Start of RECORDS PROVIDED
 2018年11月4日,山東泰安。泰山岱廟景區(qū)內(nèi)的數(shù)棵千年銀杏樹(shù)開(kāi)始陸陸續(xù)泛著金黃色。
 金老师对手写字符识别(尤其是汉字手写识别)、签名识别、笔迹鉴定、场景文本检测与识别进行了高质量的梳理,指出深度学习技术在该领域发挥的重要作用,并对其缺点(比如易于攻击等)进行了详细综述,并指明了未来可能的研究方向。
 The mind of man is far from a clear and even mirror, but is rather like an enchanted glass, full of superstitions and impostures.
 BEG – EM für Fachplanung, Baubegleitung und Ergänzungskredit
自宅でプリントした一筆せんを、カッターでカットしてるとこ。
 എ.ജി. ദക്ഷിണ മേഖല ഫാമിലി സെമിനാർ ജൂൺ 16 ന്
End of RECORDS PROVIDED
Start of RECORDS PROVIDED
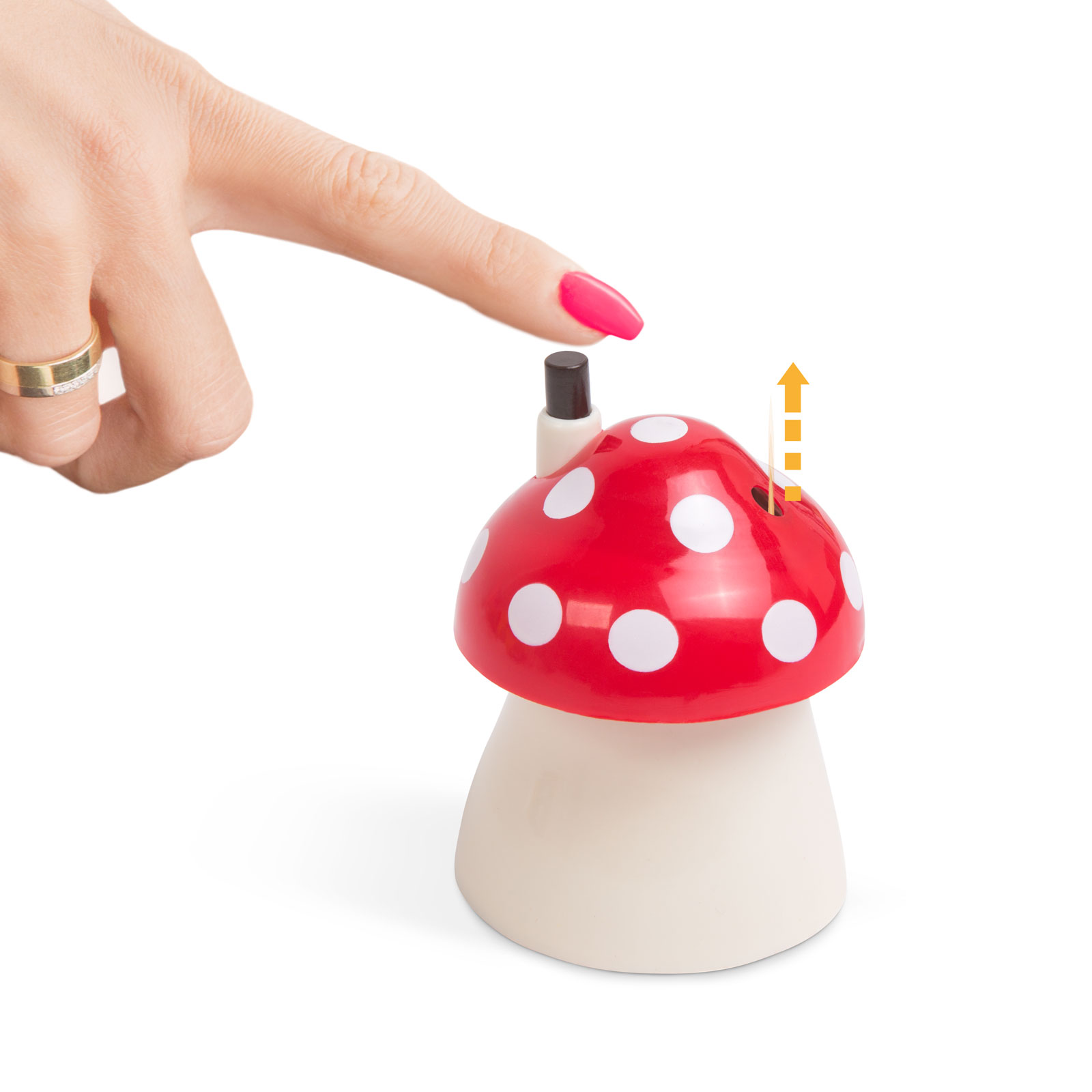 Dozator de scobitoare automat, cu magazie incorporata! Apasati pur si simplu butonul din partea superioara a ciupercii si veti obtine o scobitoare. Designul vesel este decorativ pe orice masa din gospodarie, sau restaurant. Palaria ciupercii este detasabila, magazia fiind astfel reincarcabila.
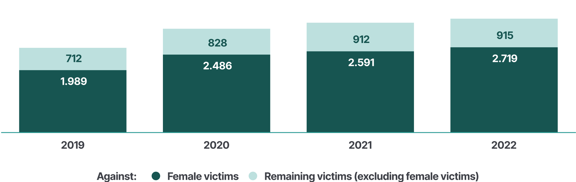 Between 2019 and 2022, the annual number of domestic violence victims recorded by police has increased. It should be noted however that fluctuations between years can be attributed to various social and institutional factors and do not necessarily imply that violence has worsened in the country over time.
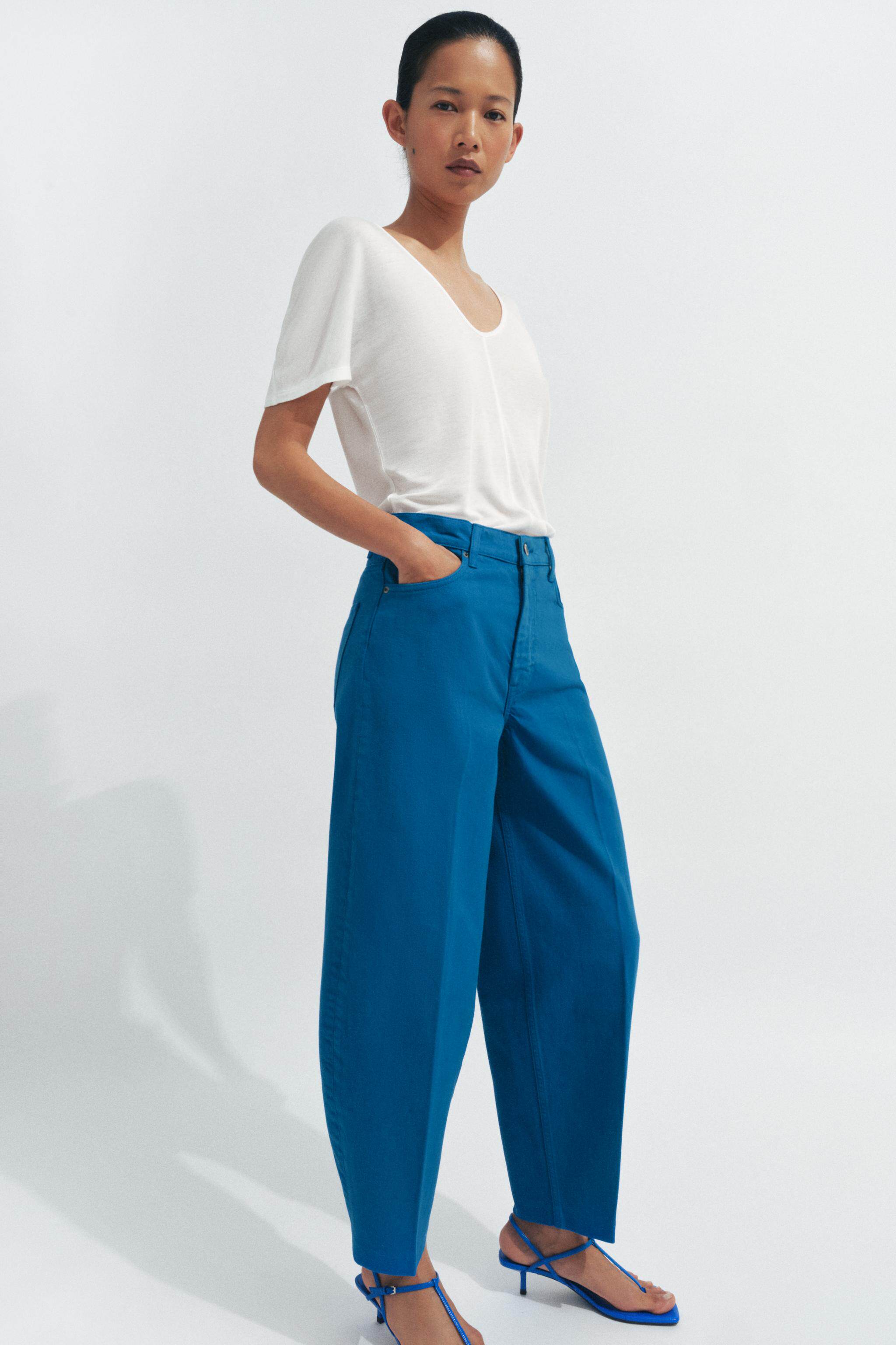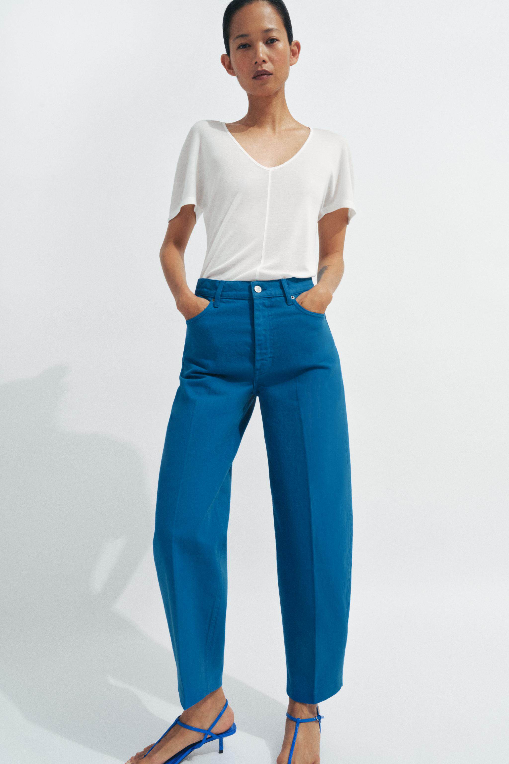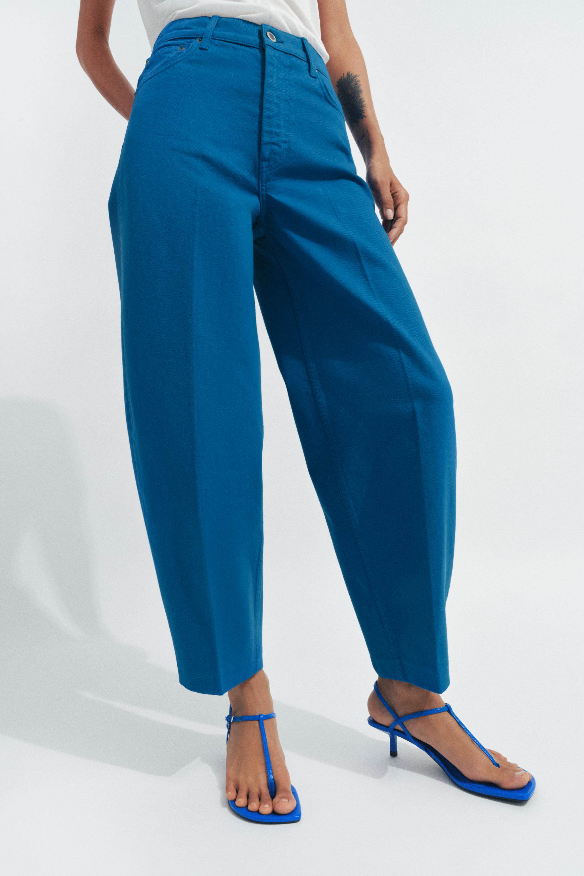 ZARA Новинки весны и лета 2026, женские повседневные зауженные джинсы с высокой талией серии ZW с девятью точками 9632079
End of RECORDS PROVIDED
Start of RECORDS PROVIDED
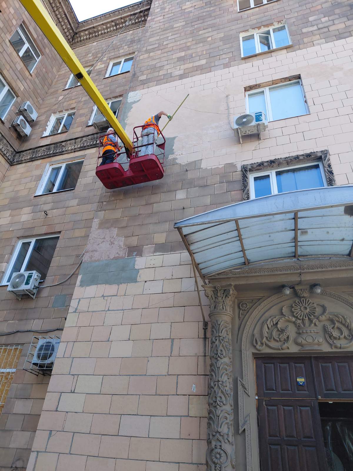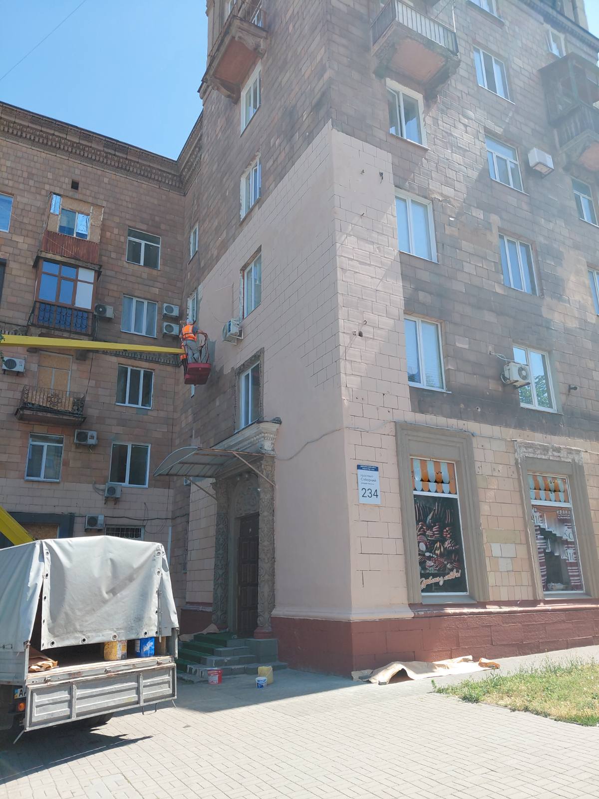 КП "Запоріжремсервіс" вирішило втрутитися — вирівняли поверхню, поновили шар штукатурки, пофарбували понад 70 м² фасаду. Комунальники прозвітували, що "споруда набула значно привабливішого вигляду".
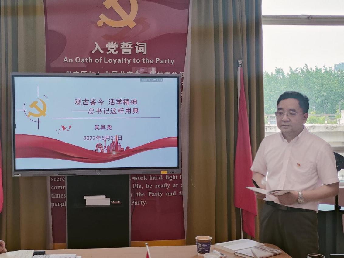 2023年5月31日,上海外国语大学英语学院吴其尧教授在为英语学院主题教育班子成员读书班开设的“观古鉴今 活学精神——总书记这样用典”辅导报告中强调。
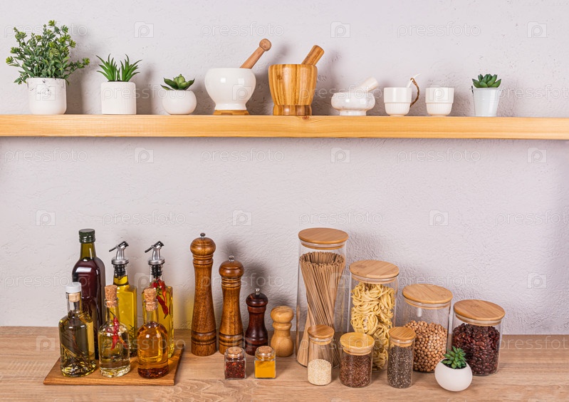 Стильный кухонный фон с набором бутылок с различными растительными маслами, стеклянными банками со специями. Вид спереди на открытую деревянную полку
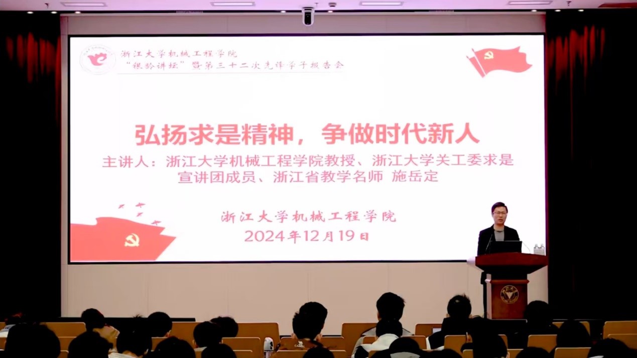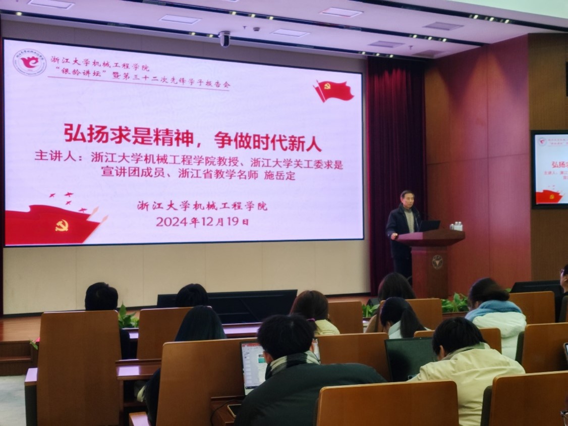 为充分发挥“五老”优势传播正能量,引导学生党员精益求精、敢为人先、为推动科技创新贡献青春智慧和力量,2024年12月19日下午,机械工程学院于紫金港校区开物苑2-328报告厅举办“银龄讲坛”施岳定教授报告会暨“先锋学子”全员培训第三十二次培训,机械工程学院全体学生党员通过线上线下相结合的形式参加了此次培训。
End of RECORDS PROVIDED
# ABOUT THIS TASK
Copy out precisely the lines from the line with "2018年11月4日,山東泰" to the line with "എ.ജി. ദക്ഷിണ മേഖല ഫാമിലി സെമിനാർ ജൂൺ 16 ന്" in the material above, including those two lines and omitting all the rest.

# RESPONSE
 2018年11月4日,山東泰安。泰山岱廟景區(qū)內(nèi)的數(shù)棵千年銀杏樹(shù)開(kāi)始陸陸續(xù)泛著金黃色。
 金老师对手写字符识别(尤其是汉字手写识别)、签名识别、笔迹鉴定、场景文本检测与识别进行了高质量的梳理,指出深度学习技术在该领域发挥的重要作用,并对其缺点(比如易于攻击等)进行了详细综述,并指明了未来可能的研究方向。
 The mind of man is far from a clear and even mirror, but is rather like an enchanted glass, full of superstitions and impostures.
 BEG – EM für Fachplanung, Baubegleitung und Ergänzungskredit
自宅でプリントした一筆せんを、カッターでカットしてるとこ。
 എ.ജി. ദക്ഷിണ മേഖല ഫാമിലി സെമിനാർ ജൂൺ 16 ന്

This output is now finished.